Though she was happy working for the pueblo, when the chance to work for the village of Los Lunas arose, she said, “I couldn’t not apply for it.

“(The deputy administrator job) was working in my community, doing a job that made sense with my career path, and it’s kind of a job that was made for me.

“It just made total sense,” she concluded.

Now that she’s actually on the job, she said the move to the village was a great decision.

“I’m realizing that this is where I can apply my strengths, that because I do have that understanding of the community, of the history, of the values of the people,” she said. “As someone who lives here, I can make better decisions. I’m more accountable. My integrity has to be even higher because of my history and family here. I have to live with the decisions I make, and I get to make decisions that directly affect me and my family. It’s meaningful work.

Gonzales said getting to see progress that she’s heard and talked about since she was young has been interesting.

“Now, I get to be a part of it, and get to be a part of the village in a very different way.”

Gonzales said her goals as deputy administrator are to achieve greater government transparency (she is also the village’s public information officer) and community engagement.

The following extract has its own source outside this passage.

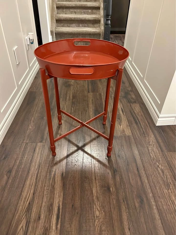 Red round top table/stand with removable top to possibly be used as a tray. Comes from smoke free home with measurements of 24” high x 18.5” diameter. Quite a few paint scratches/fades so might require touchups or repainting. Pickup in Dundas and Landsdowne area of Woodstock.

One of her main ideas, “the LLOOP for Economic Solutions,” video segment recently launched on social media and the village’s website.

“It is going to be a recurring video segment on our social media, on our websites, that goes inside big projects, our construction updates, even some more routine processes,” she said, “like how to file a code complaint, how to use our recycling system, when we have events at the library, things like that.”

Gonzales is still settling into the job, taking “a listening role” and listening to colleagues, the village council, and the community to get a sense of the priorities that each has.

“I truly believe that as public servants, we are here to serve the community,” she said. “It is their agenda I want to get done, so I will spend, I will always spend my time listening, and even things that are uncomfortable, and having critical conversations.”

She also recognizes that the village is at a crossroads, so her “five-year” plan is centered on that idea.

“The big tension right now in the village of Los Lunas is we are growing,” Gonzales said. “That is not stopping. Our infrastructure has not kept up. We are working on it now, and we will continue to grow in a good way but also, I want to preserve that rural, small-town feel that I know and love, and I grew up with. So how do we keep both?

She continued, "So (in my) five-year plan, we will always be doing what is best for the community, and we will never make everyone happy, but I think if we can at least create a dialogue between the community and the governing body, and elected officials, then we are bound to make better decisions that we can all live with.”